True and Lasting Love
From Music and the Spoken Word
Delivered By: Lloyd D. Newell • Program 4248
Few things are more beautiful than a couple in love. Whether newly married or celebrating a golden anniversary, couples who keep love alive, who endure the ups and downs of life together, deserve our admiration. We may consider them lucky, but they will tell you that it’s not luck that keeps them in love. It’s choosing to stay in love, all along the way. They have come to know that love is a behavior, a series of actions and choices—not just an elusive feeling that might someday escape them.
Some 400 years ago, William Shakespeare expressed this timeless truth:
Love is not love,
Which alters when it alteration finds,
Or bends with the remover to remove:
O no! it is an ever-fixed mark,
That looks on tempests, and is never shaken.1
Tempests and trials come to us all, to every family, every marriage. But true and lasting love is possible.
Charles and Elaine were married—and in love—for nearly 60 years.
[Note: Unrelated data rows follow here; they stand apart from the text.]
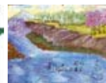
Escola Municipal de Ensino Fundamental Universitário - RS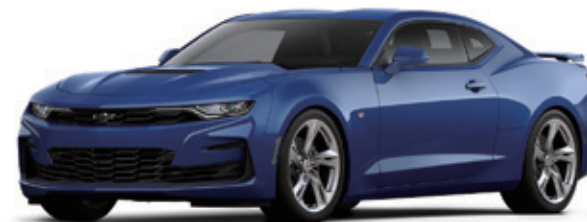
リバーサイドブルーメタリック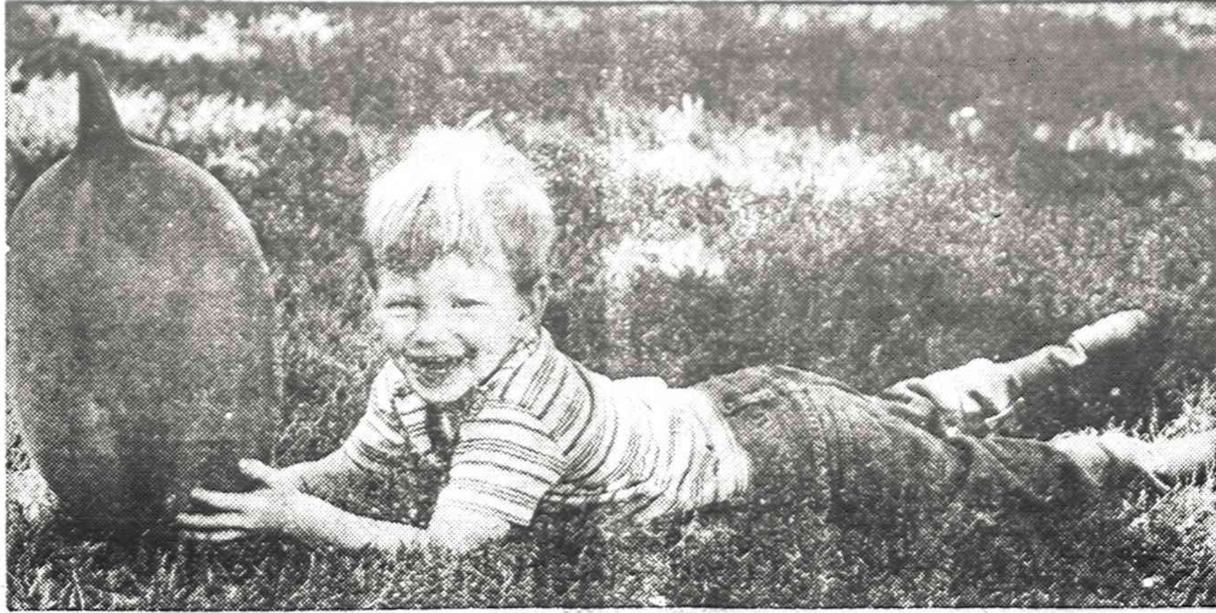
Paprastas, spalvotas balionas gali sukelti mažam vaikui didelį džiaugsmą.

Ties enciklopedijos yra penki tomai, kiekvienas pilnai išbaig-

Later in life, when Elaine could not care for herself, Charles devoted himself to her care. He practiced making her favorite recipes until he got them just right. He learned to sew and then altered her clothing to make it easier for her to get dressed. He gave her daily facials with her favorite cream. He took her to swim therapy and researched other ways he could make her more comfortable. He had his own health problems, but his first concern was always the comfort and well-being of his sweetheart.2
These words from a popular novel capture well Charles’s devotion: "I am a common man with common thoughts, and I’ve led a common life. There are no monuments dedicated to me and my name will soon be forgotten, but I’ve loved another with all my heart and soul, and to me, this has always been enough.”3
Charles and Elaine—and other couples like them—are proof that love need not be shaken by life’s tempests. True love can live forever.
1 Sonnet 116, The Complete Works of William Shakespeare, ed. George Long Duyckinck (1869), 954.
2 See Marcia L. Akes, "Dad’s Lesson in Love,” Ensign, Dec. 2009, 10–12.
3 Nicholas Sparks, The Notebook (1996), 2.